Among all treated patients (n=40), safety observations were consistent with the known safety profile for axicabtagene ciloleucel. Grade ≥3 cytokine release syndrome (CRS) occurred in 8% of patients and Grade ≥3 neurologic events occurred in 23% of patients. No Grade 5 CRS or neurological events occurred. There was one Grade 5 adverse event due to COVID-19. All CRS cases and most neurologic events (28/29) of any grade resolved by the time of data cut-off.

“The high rate of durable response to a one-time infusion of axicabtagene ciloleucel in newly diagnosed patients with high-risk LBCL is exceptional,” said Frank Neumann, MD, PhD, Kite’s Global Head of Clinical Development. “Many of these patients typically progress very quickly on current standard-of-care therapies.
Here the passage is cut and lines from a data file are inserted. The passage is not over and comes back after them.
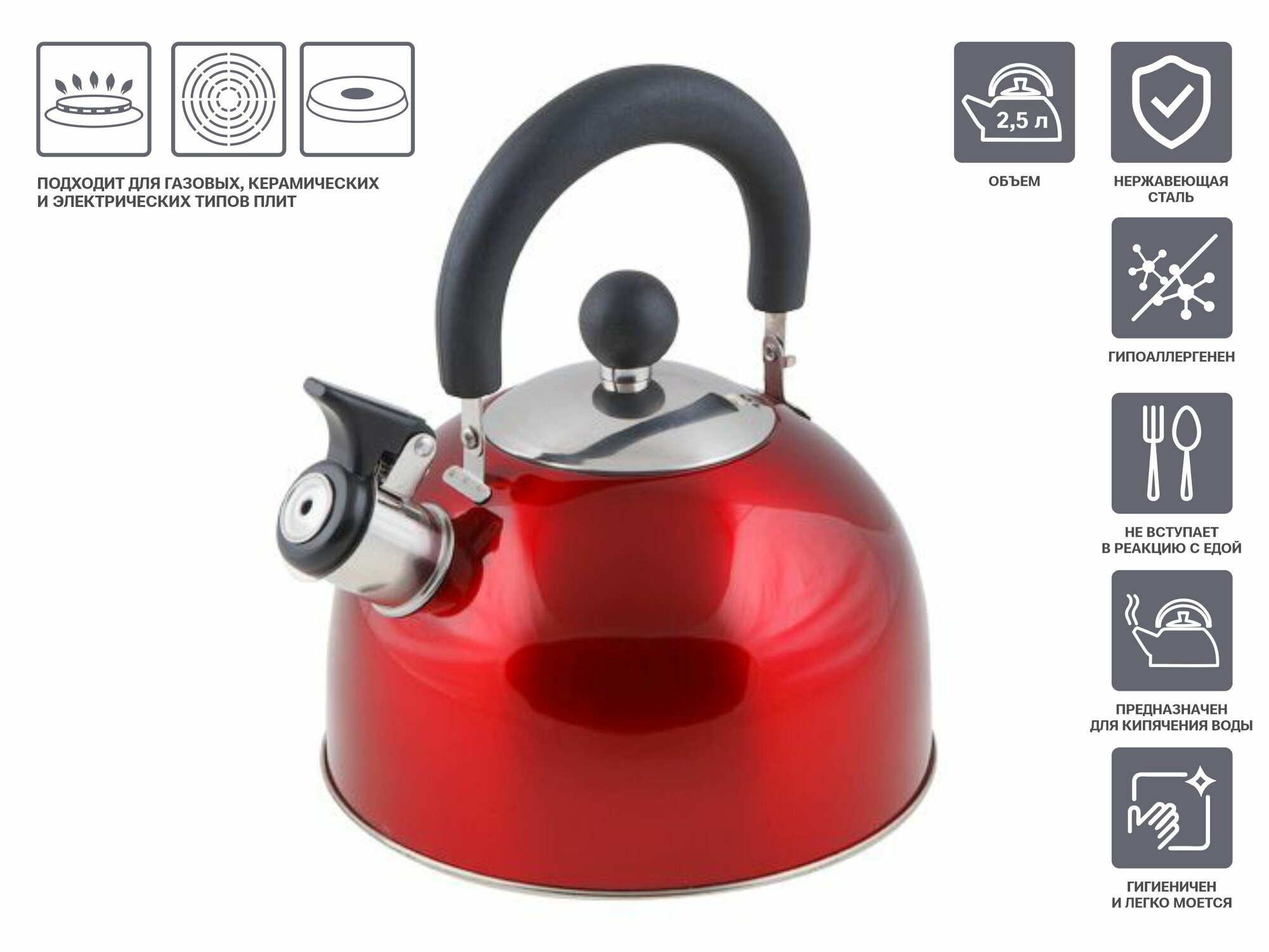 СохранитьЧайник со свистком PERFECTO LINEA Holiday 2,5 л красный металлик (52-121515) интересное: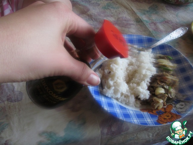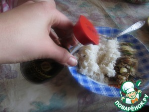3. Смешиваем рис, грибы, добавить соевый соус Kikkoman 1 ст. л., соль, перец по вкусу.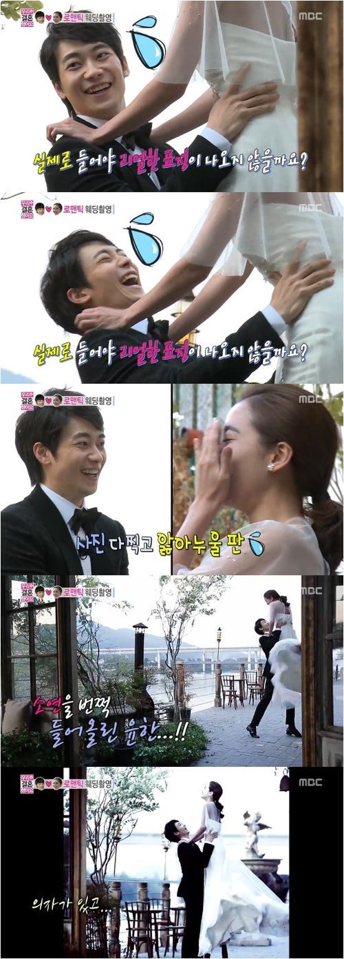 윤한이 가상 아내 이소연을 번쩍 드는 웨딩촬영을 한 후 엄살을 떨었다.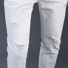 春夏季美式破洞牛仔裤男修身潮牌浅色薄款刮烂乞丐裤潮...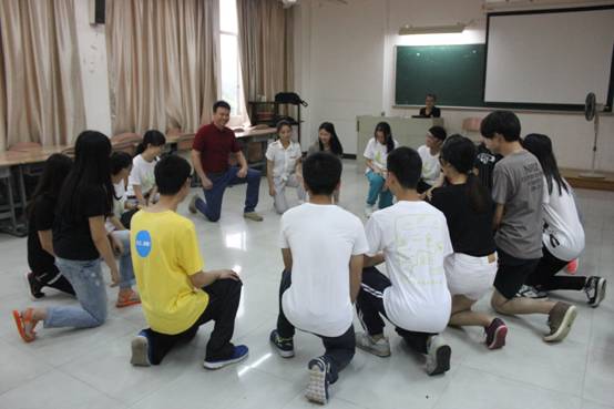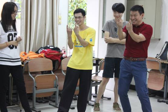在这个过程中,庄老师穿插了一个培训的反例项目。但是他并没有事先告诉素拓成员们,而是在项目结束后问他们对于这个游戏的感想。他通过让素拓成员们亲身体验的方式,告诉他们做培训要尊重别人,要顾及他人的感受。不能为了引起大家的笑而去做低俗的、不尊重人的项目培训。这引起了大家的思考,给了成员们启发。此外,在最后热身游戏中,老师说完成任务用时最长的队伍会有一个难忘的“奖励”,而不是说输的队伍会有惩罚。而在用时最长的队伍接受“奖励”——跳舞时,老师也在一旁尽力地和大家一起跳,引导大家放开来,“告诉”大家他也在和他们一起跳。以此现身说教,教导我们一些带培训的方法。

Further study is needed to understand axicabtagene ciloleucel’s potential as first-line therapy, but we are encouraged by these results.”

Axicabtagene ciloleucel has not been approved by any regulatory agency for the treatment of patients in the first-line setting.

About ZUMA-12

ZUMA-12 is a multicenter, open-label, single-arm Phase 2 study that enrolled 42 adult patients (≥18 years old) with high-risk LBCL. Patients who met the following criteria for high-risk LBCL were considered eligible for the study: double- or triple-hit lymphoma by fluorescent in situ hybridization per investigator or LBCL with IPI score ≥3; and positive interim PET per Lugano Classification after two cycles of an anti-CD20 monoclonal antibody- and anthracycline-containing regimen. Patients underwent leukapheresis (≥ two weeks after prior systemic therapy) and optional non-chemotherapy bridging at investigator discretion, followed by conditioning chemotherapy.
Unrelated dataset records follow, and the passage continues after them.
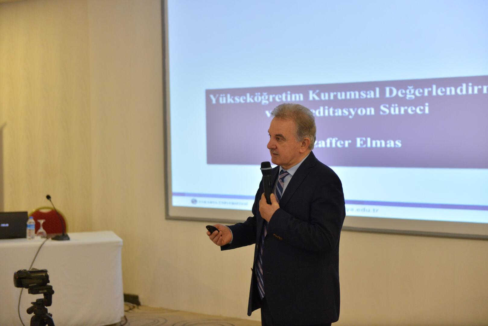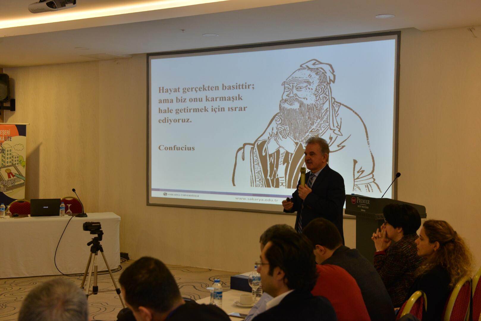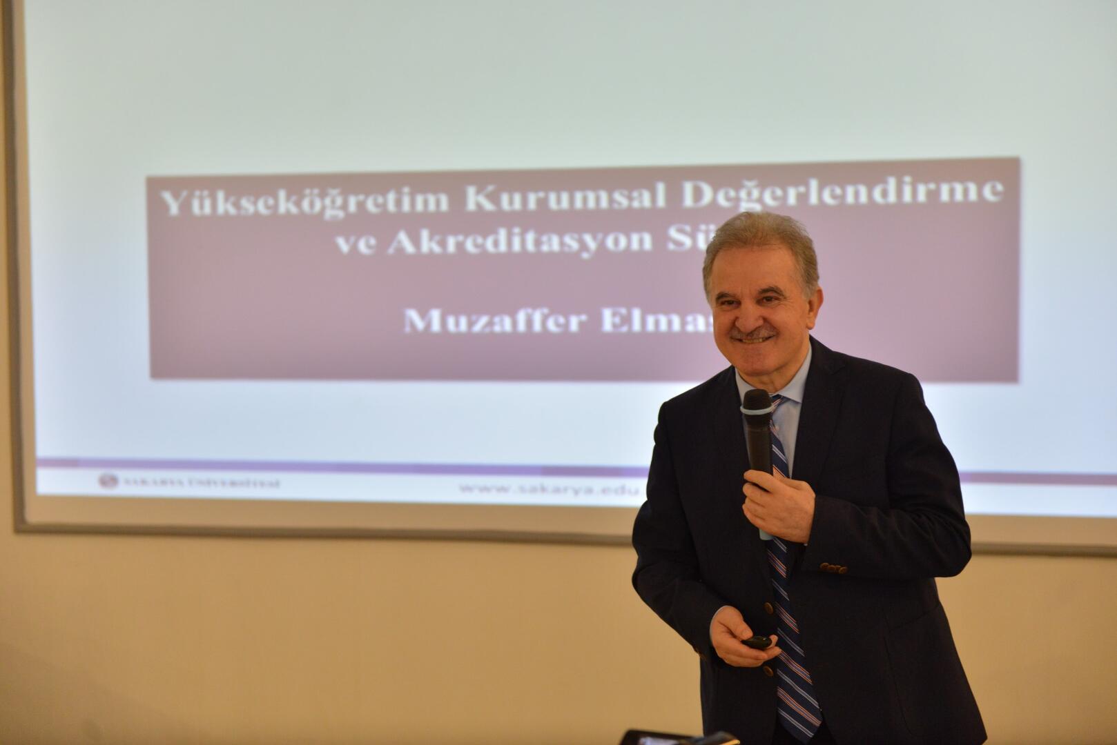 Yükseköğretim Kalite Kurulu Başkanı ve SAÜ Rektörü Prof. Dr. Muzaffer Elmas “Yükseköğretim Kurumsal Değerlendirme ve Akreditasyon Süreci” konusunda bir sunum yaptı. Dünyada akreditasyon alanındaki gelişmeler ve Türkiye’de yükseköğretimde akreditasyon süreçleri hakkında bilgiler veren Prof. Dr. Elmas, SAÜ’nün bütün akreditasyon değerlendirmelerine hazır olduğunu belirtti. Üniversitelerde dünyadaki değişime açık, bir çok alanda yetkin öğrenciler yetiştirmenin önemine değinen Prof. Dr. Elmas, “Programı dizayn ederken, öğrencileri geliştirmeye yönelik aktivitelerde bulunmalıyız. Derslere aktif katılımlarını sağlamalıyız. Öğrencilerimiz sınıf dışı ortamlarda da derslerine devam edebilmeli” diye konuştu.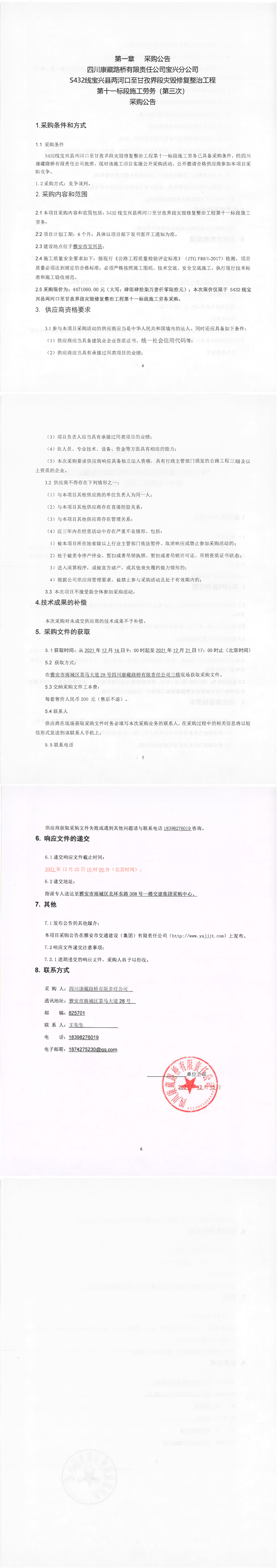 四川康藏路橋有限責任公司S432線寶興縣兩河口至甘孜界段災毀修復整治工程第十二標段施工勞務經(jīng)營高效招采結(jié)果公示
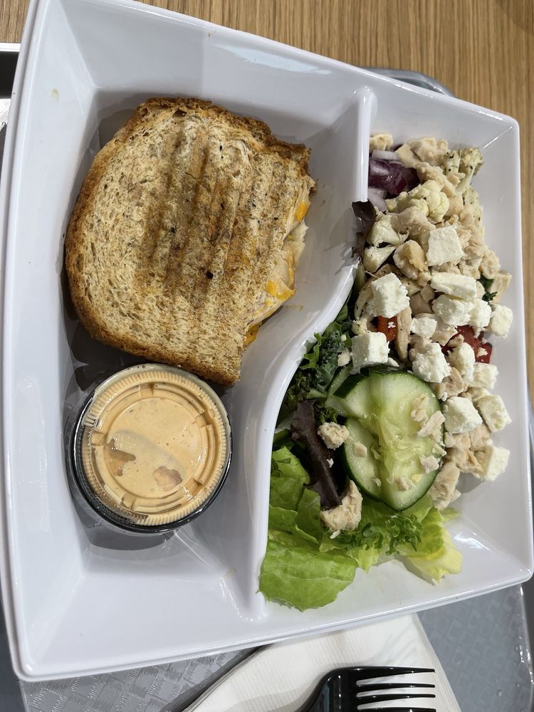 - Farmers Market Salad: A hearty mix of roasted turkey, butternut squash, and feta on a super greens base, complemented by balsamic vinaigrette.

The primary endpoint of the trial is complete response rate per the Lugano Classification. Key secondary objectives include objective response rate, duration of response, event-free survival (EFS), progression-free survival, overall survival, frequency of adverse events, and levels of CAR T cells and cytokines in blood and serum. The study is ongoing.

About Yescarta® (Axicabtagene Ciloleucel)
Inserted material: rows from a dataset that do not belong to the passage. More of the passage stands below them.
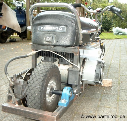 48km/h schnell, scheibengebremst, 2-teilige Alufelge hinten, mit Sackkarrenrädern 260x85mm und 2 fetten 88Ah Starterbatterien. - und ohne TÜV:-(
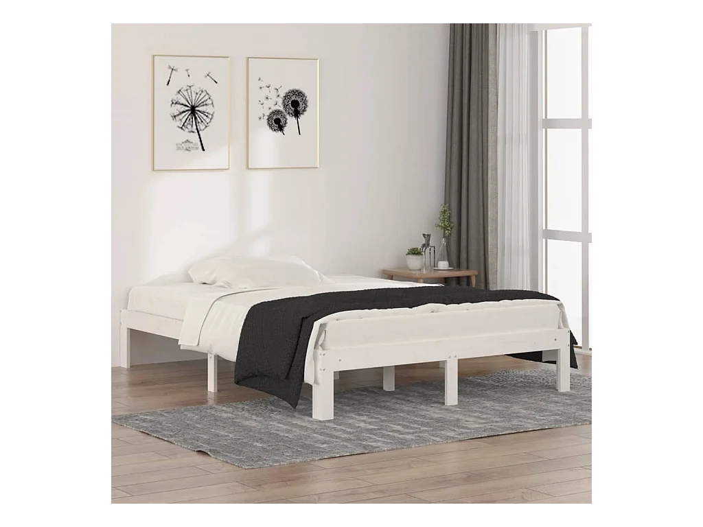 Letto senza Materasso Bianco 135x190 cm Legno Massello di Pino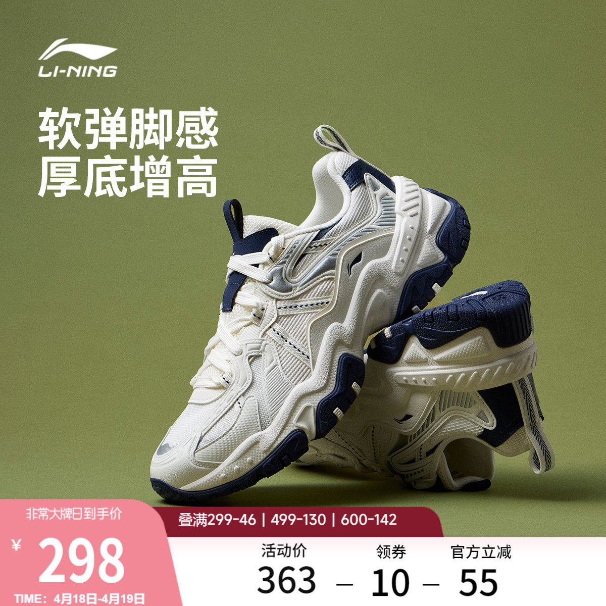 李宁天迹SOFT丨休闲鞋女鞋2026夏季新款增高厚底板鞋运动鞋男鞋子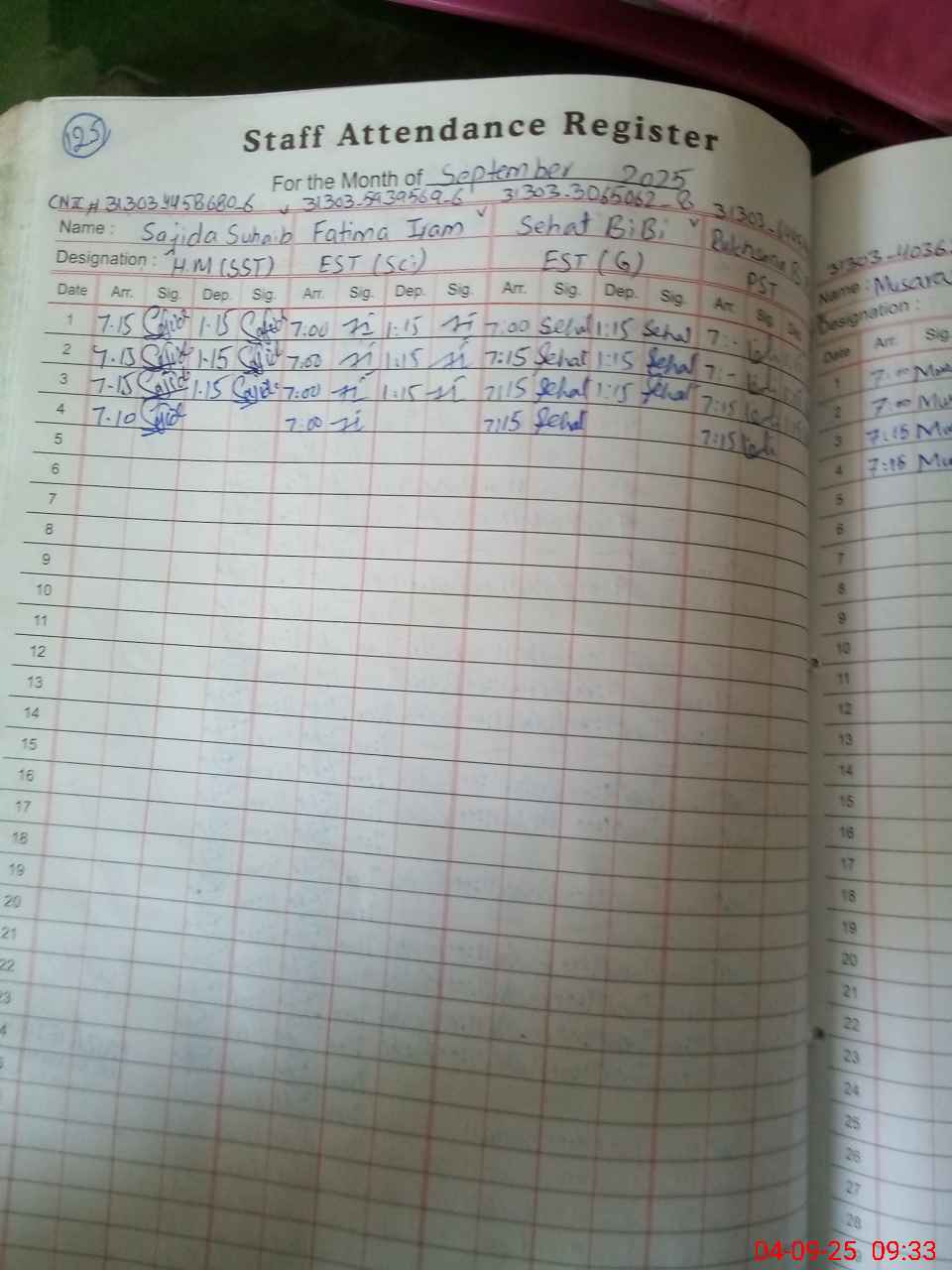 | Monitoring Date: 04-09-2025 | Start Time: 04-09-2025 09:27 AM | End Time: 04-09-2025 10:28 AM | Name of MEA: Kh**** Iq**** | |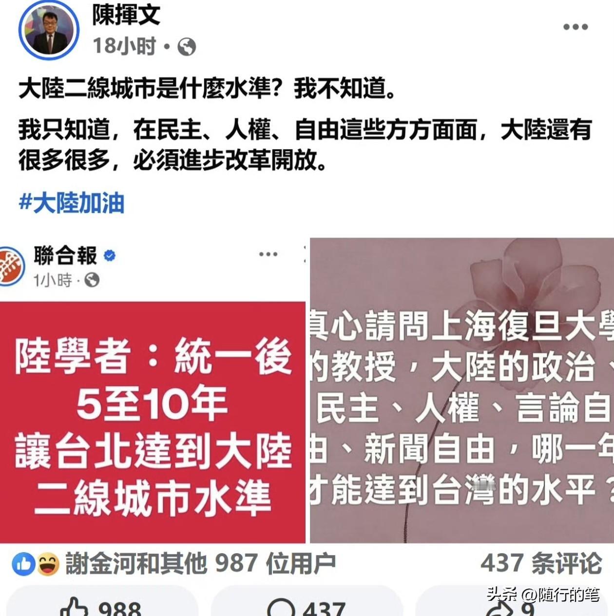 台名嘴陈挥文破防了,不过是被岛内媒体忽悠破防的。 大陆学者张维为教授说“统一之后,5到10年内可以让台北的城市基础建设提升到二线城市的水平”,但是这段话被岛内一些媒体恶意断章取义,把“基础建设”的字眼去掉,误导岛内民众,挑起岛内舆论对张维为真正意思的误解。其中台湾名嘴陈挥文就是其中一个,看到岛内媒体断章取义的报道就信以为真,马上破防发文回击,又把西方那老三样搬出来做说辞。 陈挥文作为岛内一个评论员,也算是有学识的人,没想到也这么不严谨,轻信岛内这些不安好心的媒体报道。另外,陈挥文虽然看待大陆的进步不像民进党那么糊涂,但是对西方那一套的坚持真的是已经深入骨髓了,台湾搞到这个地步都还自我感觉良好,真的令人啼笑皆非。

In August 2018, axicabtagene ciloleucel, a chimeric antigen receptor (CAR) T cell therapy, received European Marketing Authorisation for the treatment of adult patients with relapsed or refractory diffuse large B cell lymphoma (DLBCL) and primary mediastinal large B cell lymphoma (PMBCL), after two or more lines of systemic therapy.2 About Kite Kite, a Gilead Company, is a global biopharmaceutical company based in Santa Monica, California, with manufacturing operations in North America and Europe. Kite’s singular focus is cell therapy to treat and potentially cure cancer. As the cell therapy leader, Kite has more approved CAR T indications to help more patients than any other company. About Gilead Sciences Gilead Sciences, Inc. is a biopharmaceutical company that has pursued and achieved breakthroughs in medicine for more than three decades, with the goal of creating a healthier world for all people. The company is committed to advancing innovative medicines to prevent and treat life-threatening diseases, including HIV, viral hepatitis and cancer. Gilead operates in more than 35 countries worldwide, with headquarters in Foster City, California.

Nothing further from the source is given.